The above-mentioned elements of the device 550 are operated in relatively controlled condition. Referring to FIGS. 42, 43A through 43G, when the limit switch 553 detects the arrival of a protector plate 1, the limit switch 553 issues a signal to actuate the pneumatic cylinders 552a, 552b and a main relay 586 (FIG. 42) which comprises a pair of relays for changing the polarity of the input of the reversible motor 569 by way of a timer relay 587 (FIG. 42) and a neutral relay which disconnects the electric source with the motor 569. When the pneumatic cylinders 552a (552b) are actuated, the stoppers 551a (551b) are projected from the respective cylinders 552a (552b) so that the first protector plate 1a is stopped at a predetermined position for receiving a sheet of film 6a.
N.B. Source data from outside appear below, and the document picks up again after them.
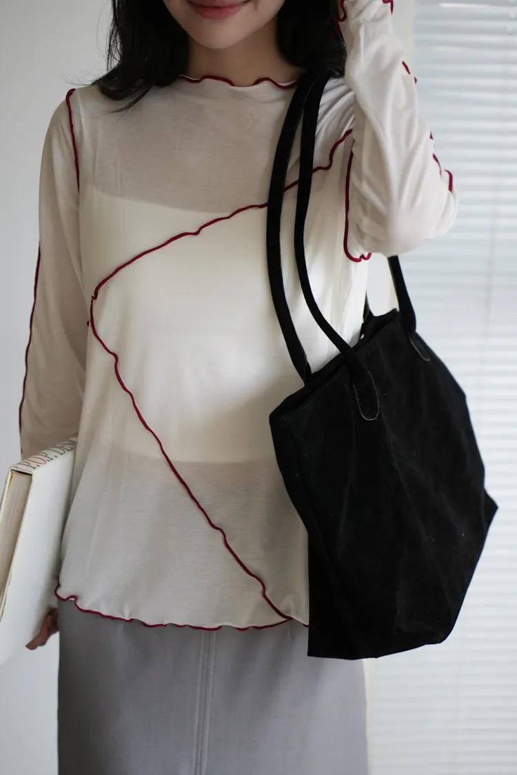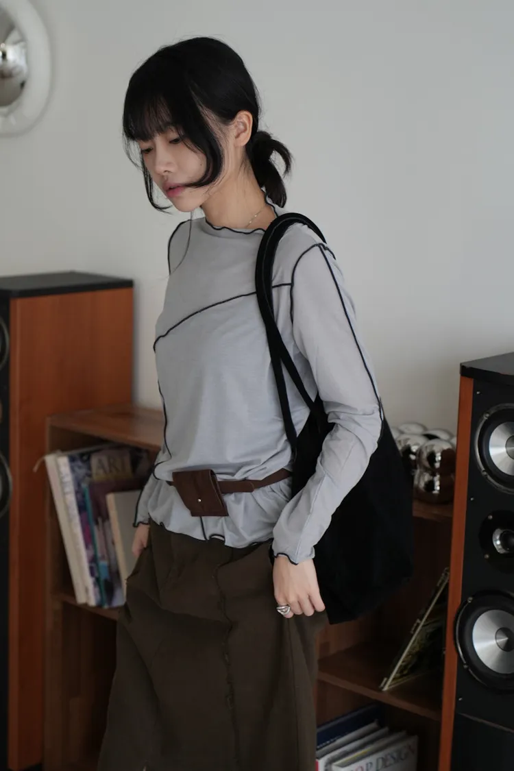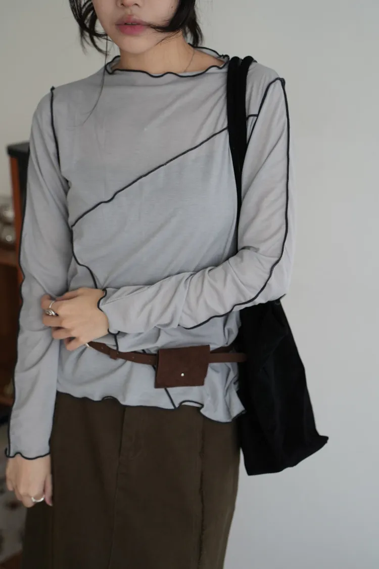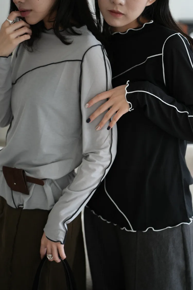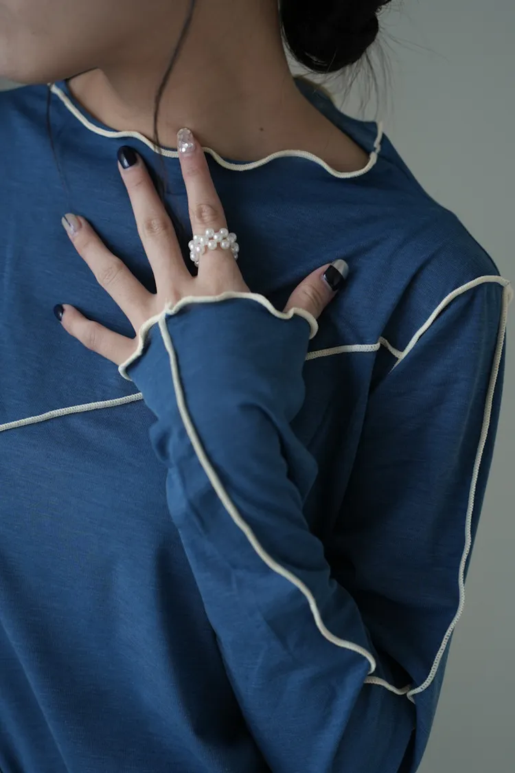 日韓同時獲得 斜線滾邊打底上衣 4color
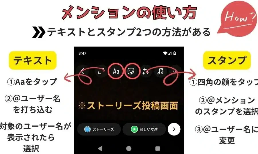 ストーリーでのメンション使い方ガイド
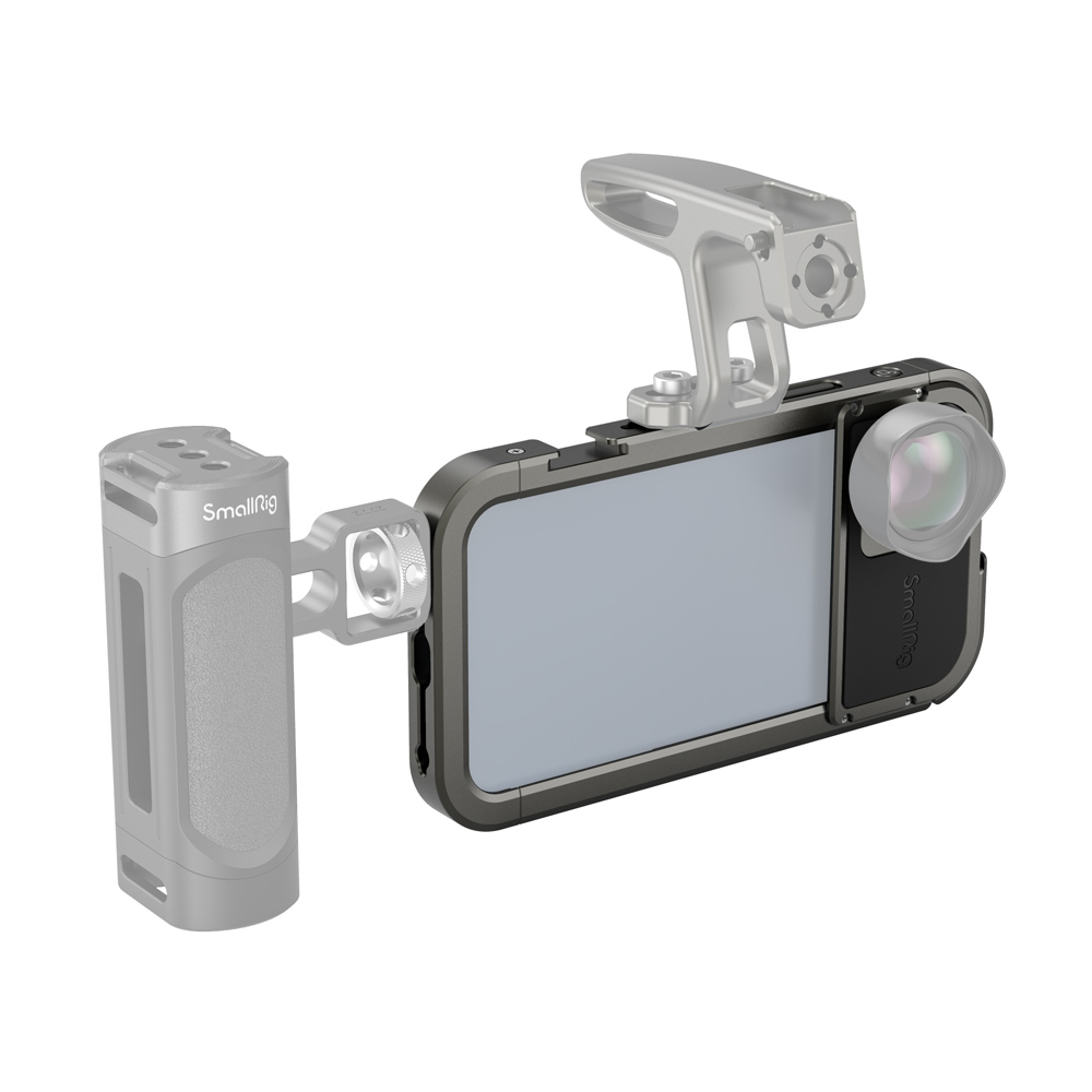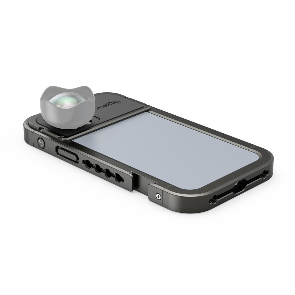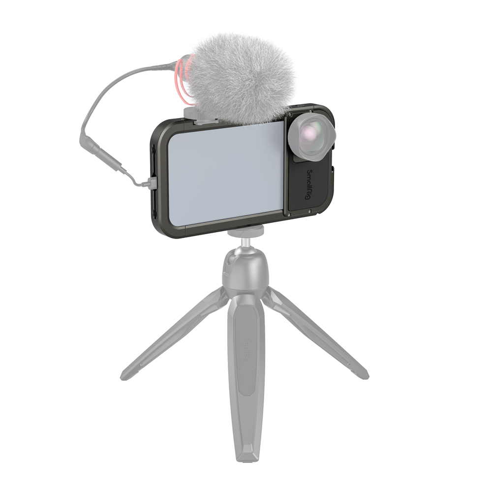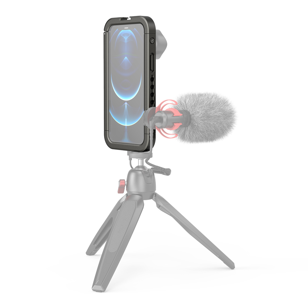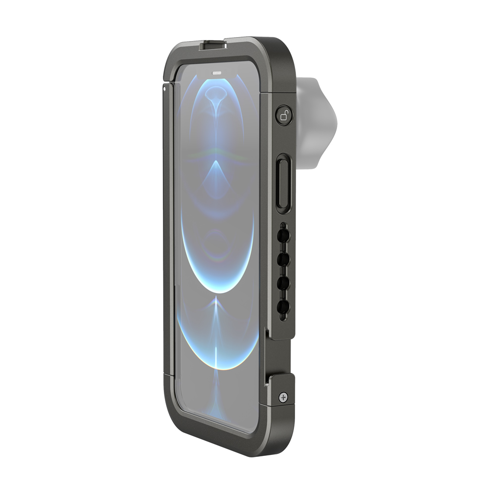 專為iPhone 12設計的多功能手機兔籠,能實現更高水平的手機攝影、攝像、採訪和電影錄製。兔籠帶有兩個冷靴座,可安裝麥克風和LED。在頂部,底部,左側和右側具有多個1/4螺紋孔,可根據需要安裝不同的配件,例如三腳架,側面手柄等。能夠水平和垂直拍攝相互切換。內置墊片有助於吸收震動並防止刮傷手機。背面的鏡頭座可以輕鬆地將外接鏡頭安裝至手機。快速鎖定設計可確保更緊密的貼合性,更安全,更穩定。
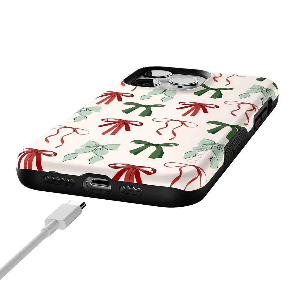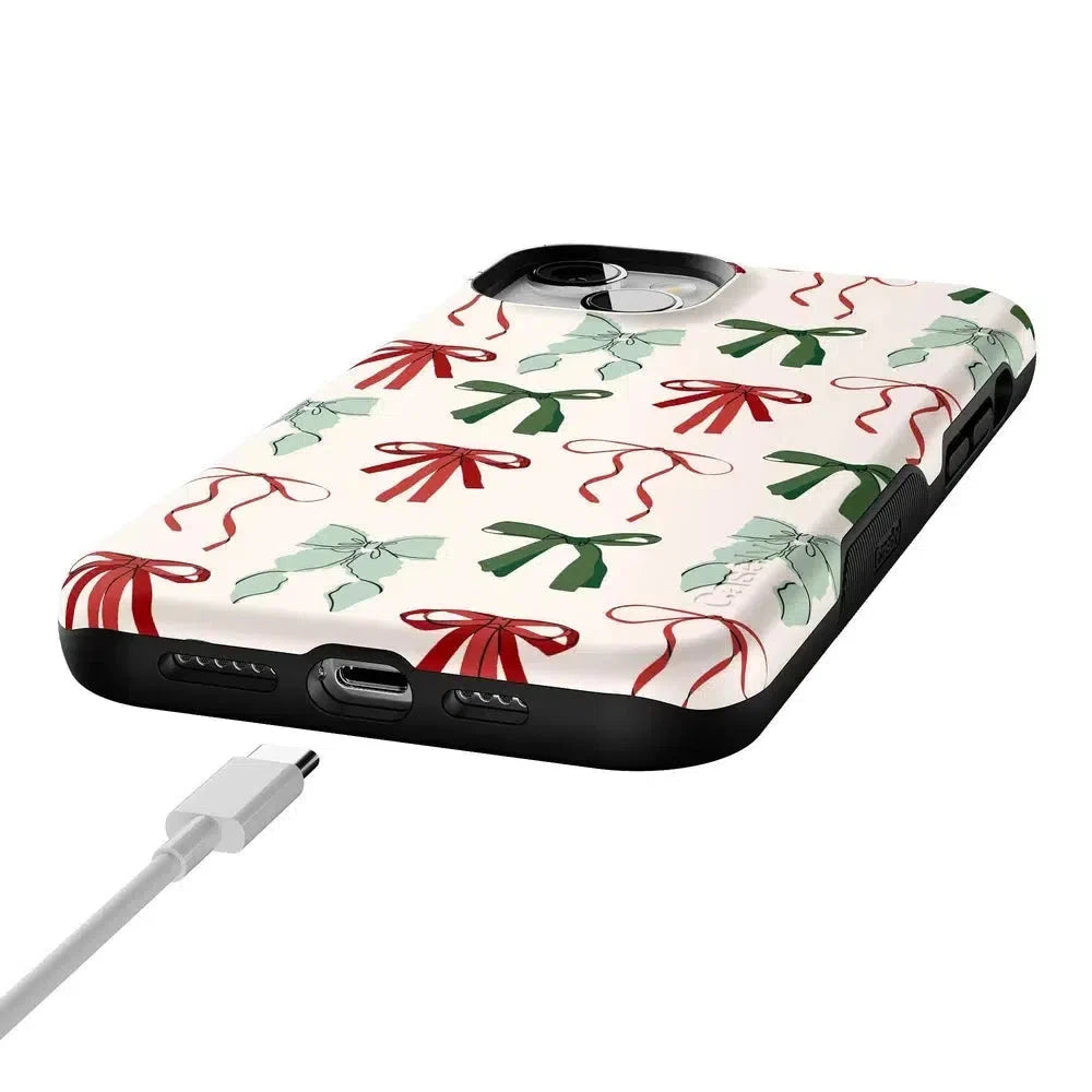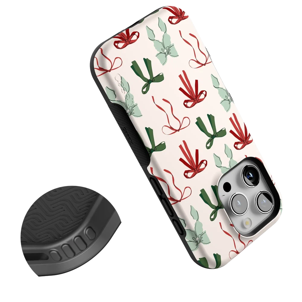 The Festive Girlie Holiday Bows Case is crafted from high-quality materials to ensure your phone is well-protected from daily wear and tear. Its slim. lightweight design maintains a sleek profile. making it easy to carry without adding bulk. The delightful bow pattern captures the holiday spirit in a subtle and sophisticated way. making it ideal for those who love festive fashion.
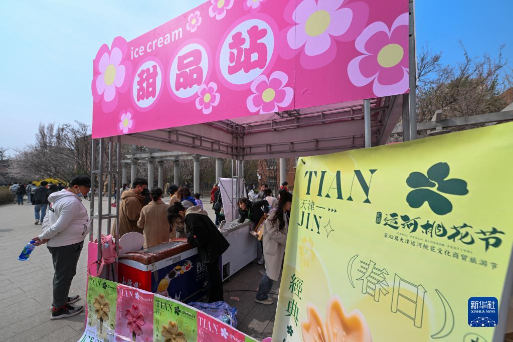 3月19日,游客在天津市紅橋區北運河畔的桃花堤上購買甜品。
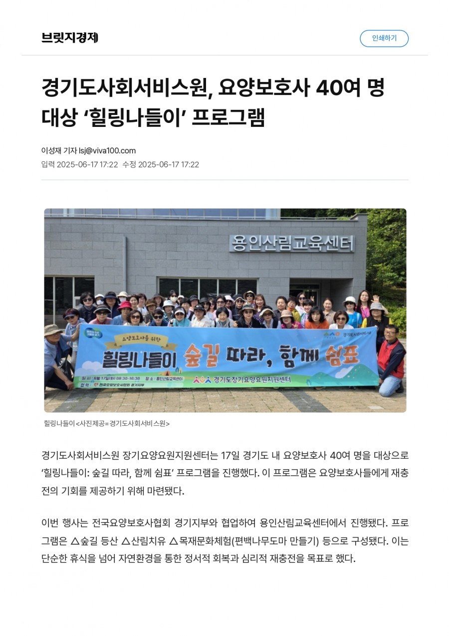 - 이전글[서울뉴스통신] 경기도사회서비스원, 요양보호사 40여명 대상 ‘힐링나들이’ 프로그램 25.12.29

In this condition, the clamp holding bar 564 is positioned at its starting position adjacent to the anvil 559 where the clamp means 565a, 565b occupy the respective spaced formed by the cut-off portions 559a, 559b of the anvil 559 in opened condition, and the cutting knife 560 is positioned above the anvil 559. This condition is shown in FIG. 43A. The pneumatic cylinder 566 is also actuated by the signal of the limit switch 553 so that the clamp means 565a, 565b are closed, in other words, the end portion of the film 6a is gripped by the clamp means 565a, 565b. This condition is shown in FIG. 43B.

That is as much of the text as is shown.